THE PROBLEM:
In the records below, find the line holding "Modern Christmas Rectangular"; copy it and every line after it to the end, omitting all images.

(Collected data entries)
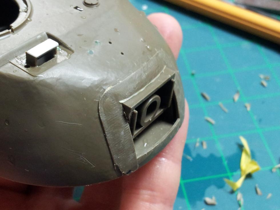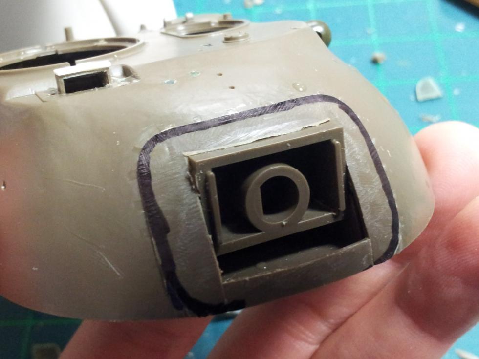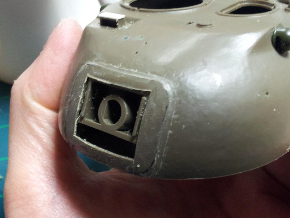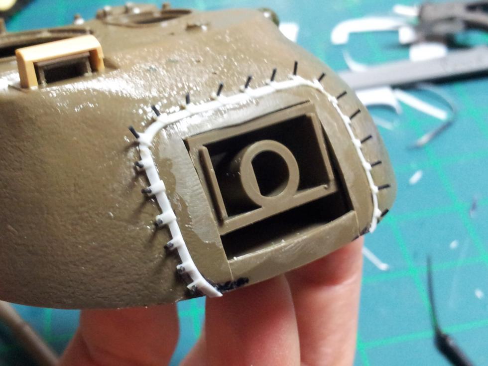 뿔같은 돌기부위도 1미리 정도 하단을 잘라내고 붙여줄 것이며, 기존 킷에서 따낸 눈(?)은 실물에 가까운 느낌으로 붙여 줍니다.. 두꺼운 포방패 살은 깍아내주고 마무리 합니다.. 타미야 M48A3의 포방패는 미간이 많이 넓어 보이는 것 같습니다.. 아무리 봐도.. ('0' );;
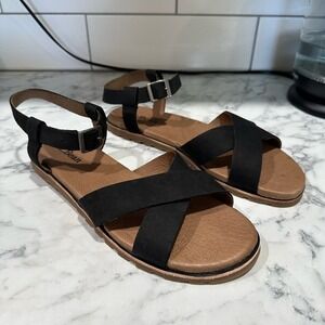 LL Bean Womens Black Ankle Strap Criss Cross Comfort Flat Sandals Size 11
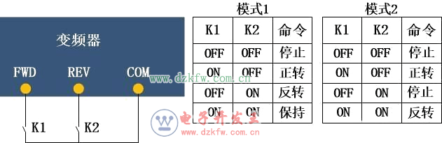 兩線制的,這種接線方向最為常見,使能信號和方向信號合并到一塊,由定義端子FWD、REV來決定電機的正反轉。兩個開關K1和K2分別控制正轉和反轉運行,當開關斷開則停止運行,這種接線方式最簡單,也好理解。
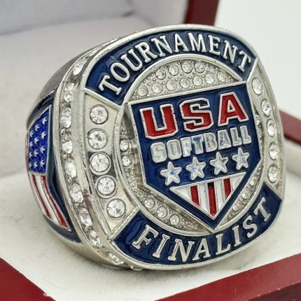 Be the first to review “USA HOME PLATE STATE FINALIST RING — SILVER BODY, RED STONES, OFFICIAL LOGO (Item #39-101)” Cancel reply
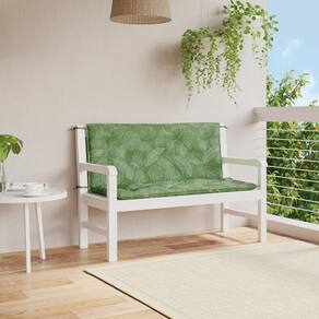 - Material: tecido (100% poliéster) - - Material de enchimento: fibra oca- - Dimensões (cada): 47,2" x 19,7" x 2,8" (C x L x T) - - Comprimento da corda (cada): 11,8"- - Característica do padrão de folha- - Com 4 conjuntos de cordas- - À prova de água- - A entrega contém: - - 1 x almofada de assento- - 1 x almofada traseira - Proposta 65 da Califórnia
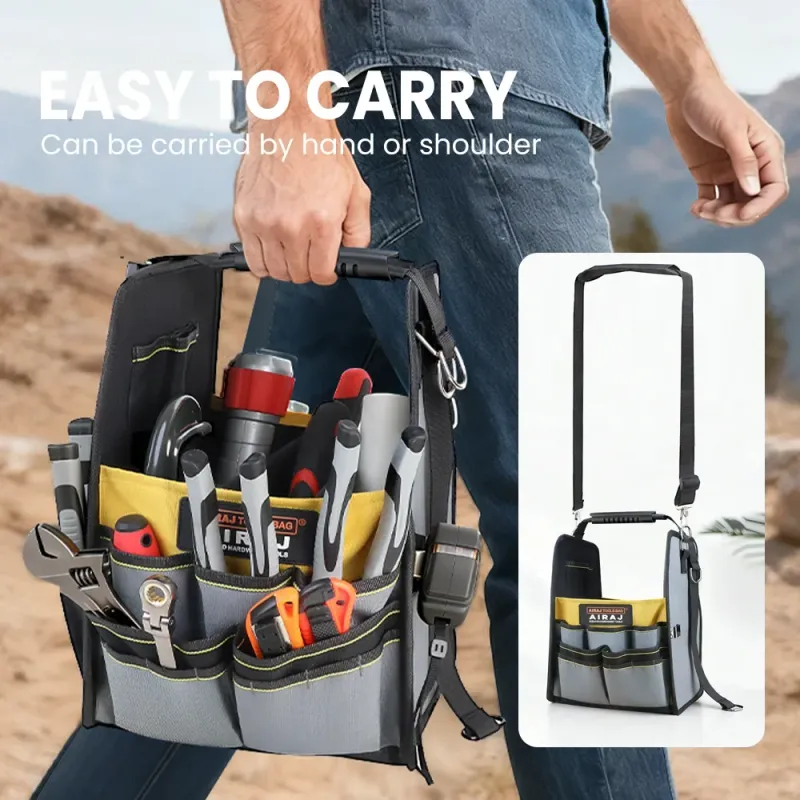 The AIRAJ Open Tool Bag is designed for practical storage and organization. It features adjustable straps for a customized fit. This tool tote comes with shoulder straps, making it portable and easy to carry. The bag includes multiple pockets, ensuring your tools are neatly stored and accessible. Ideal for professionals and DIY enthusiasts, this bag offers convenience and functionality.
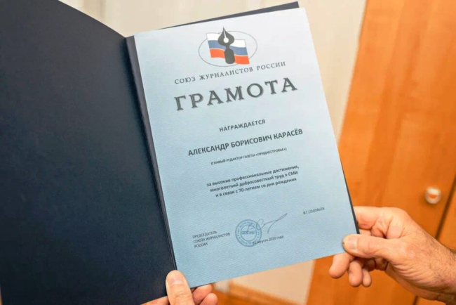 Главе Союза журналистов ПМР Александру Карасёву вручили грамоту от российских коллег
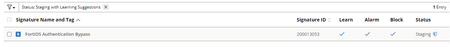 Hello, I'm looking for help to configure those things, if this is even possible: After the update signature process, we are waiting 7 days to monitor suggestions of staging signatures with hits on t...
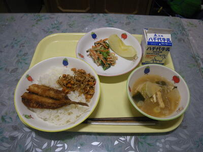 そぼろご飯 牛乳 大豆のかき揚げ 豆腐のすまし汁 牛乳プリン
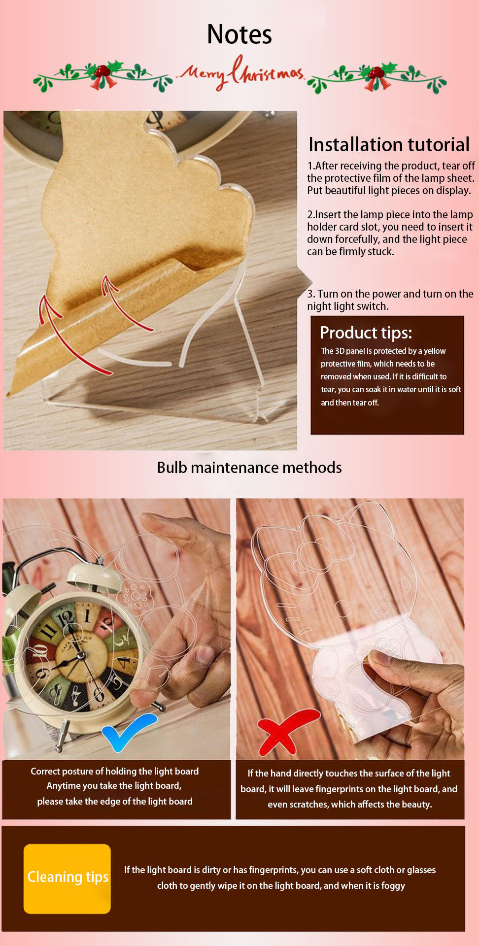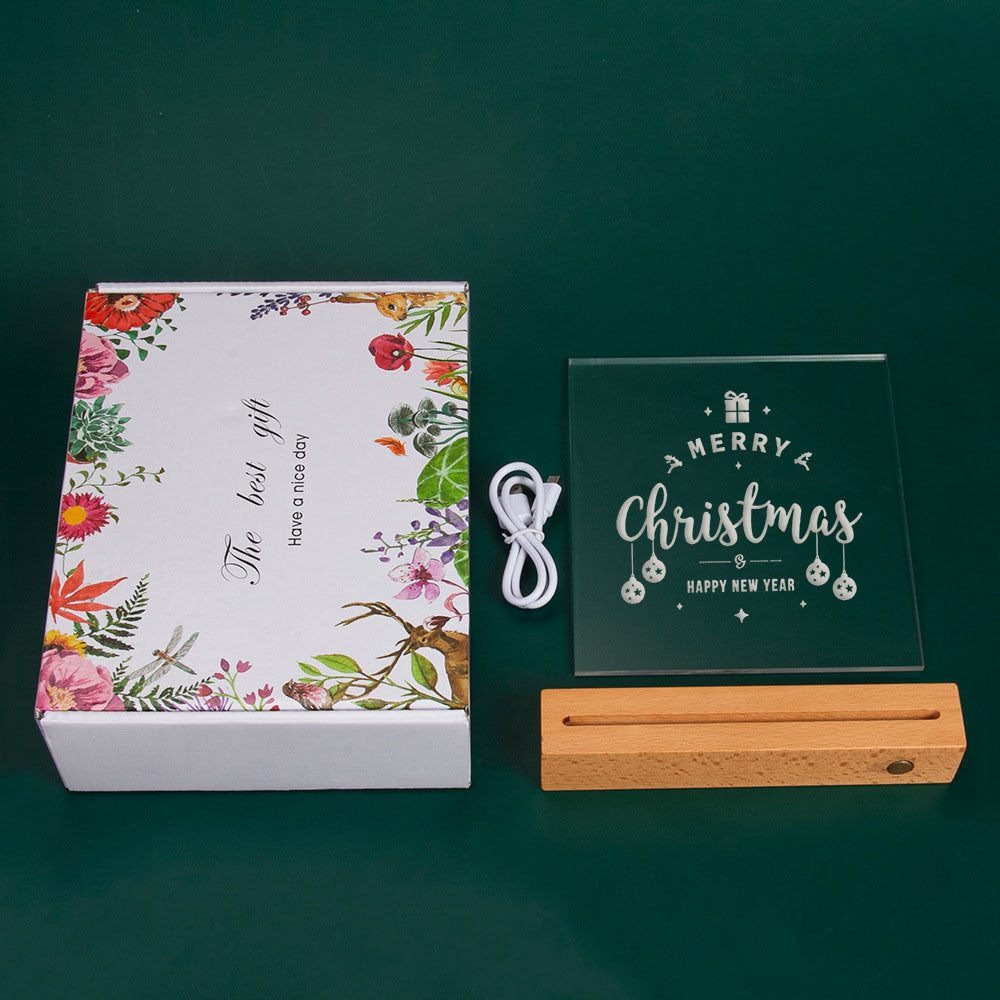 Modern Christmas Rectangular Acrylic Plate Solid Wood USB LED Table Lamp
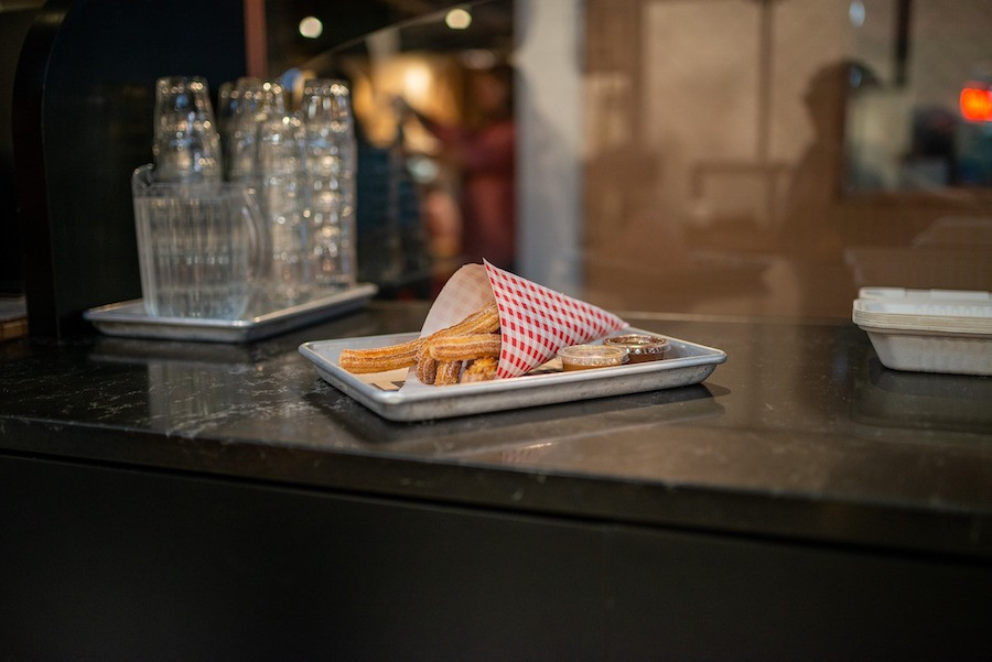 Régalez-vous de churros fraîchement préparés accompagnés d’une sauce au chocolat noir maison et du nougat artisanal à saveur de pistache.
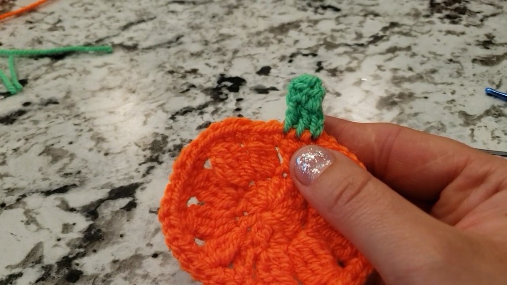 - Start by joining the green yarn to the pumpkin and chain two.
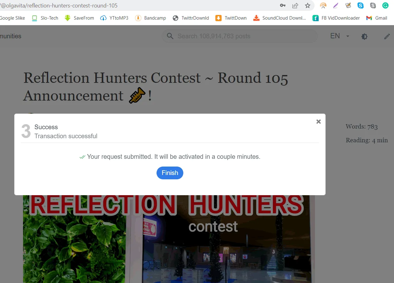 After our confirmation, the Hive Keychain window closes and a pop-up notification remains in the browser that the request has been sent and will be activated in a few minutes.
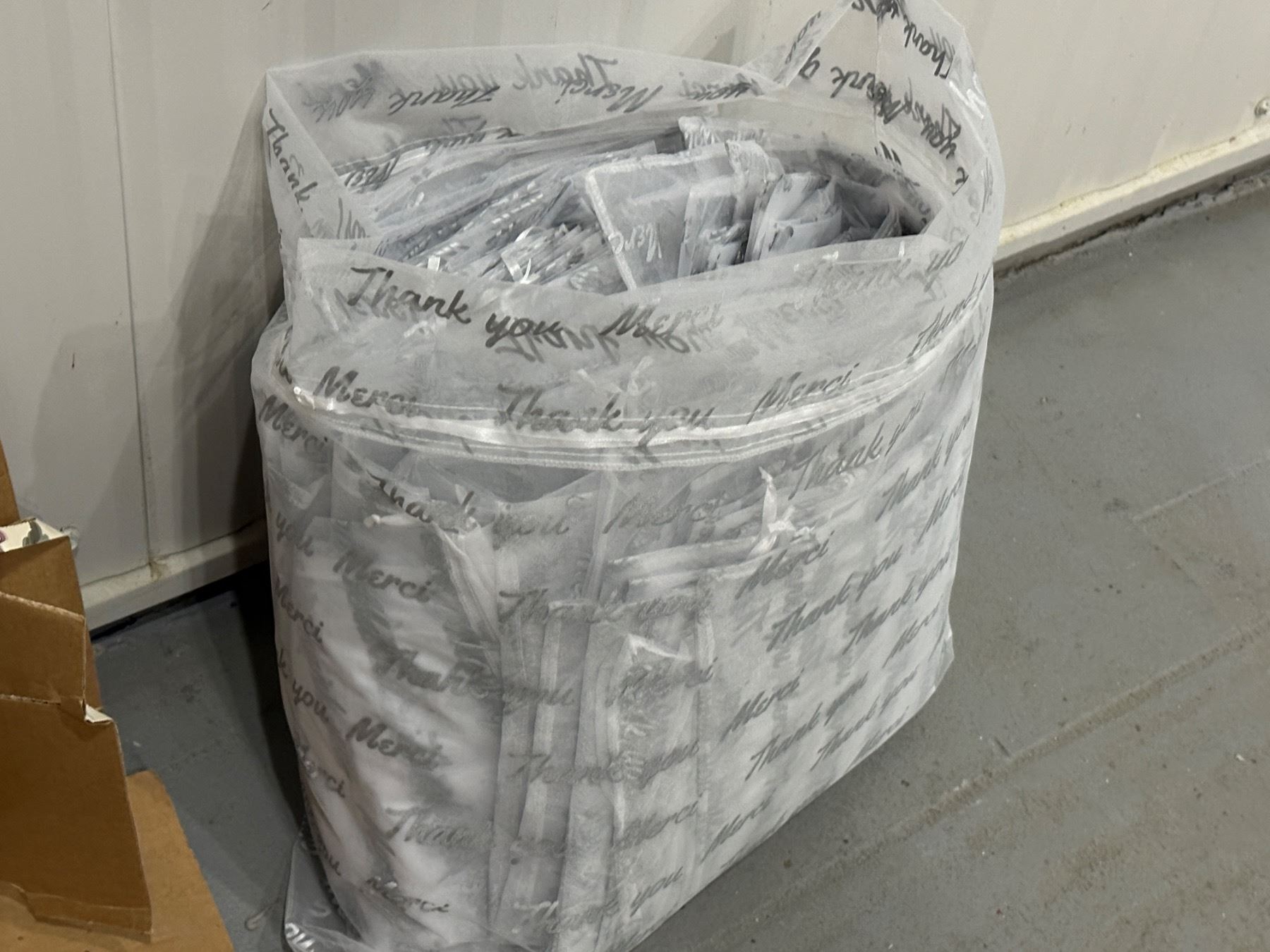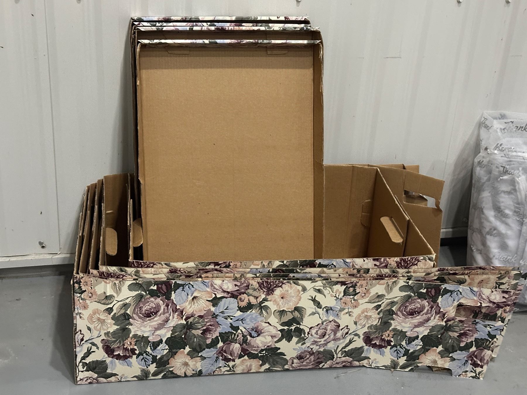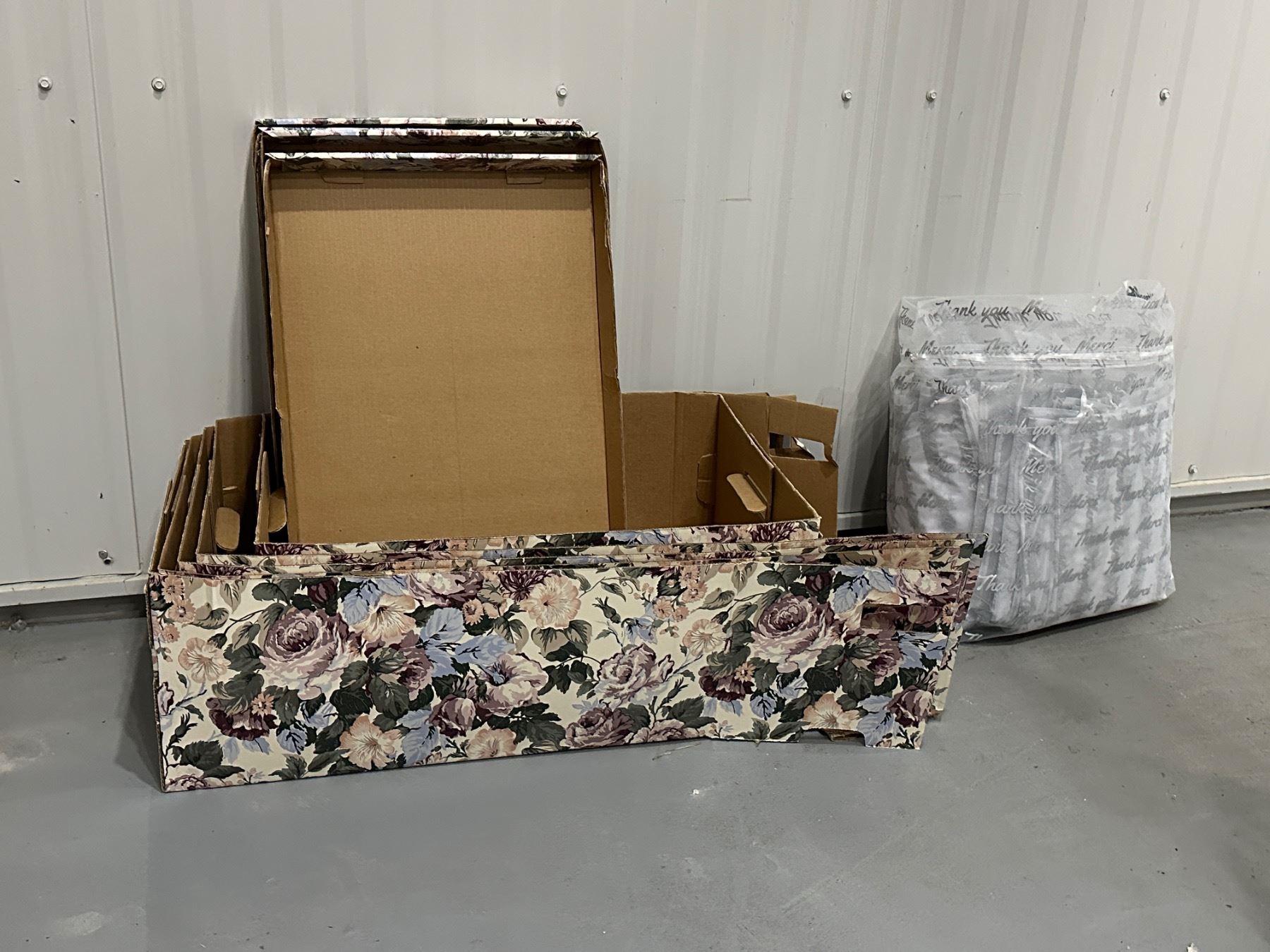 Lot 1551 4 Cardboard Flower Storage Boxes with Lids and 100 - Organza Thank You Bags

OUTPUT OF THE TASK:
 Modern Christmas Rectangular Acrylic Plate Solid Wood USB LED Table Lamp
 Régalez-vous de churros fraîchement préparés accompagnés d’une sauce au chocolat noir maison et du nougat artisanal à saveur de pistache.
 - Start by joining the green yarn to the pumpkin and chain two.
 After our confirmation, the Hive Keychain window closes and a pop-up notification remains in the browser that the request has been sent and will be activated in a few minutes.
 Lot 1551 4 Cardboard Flower Storage Boxes with Lids and 100 - Organza Thank You Bags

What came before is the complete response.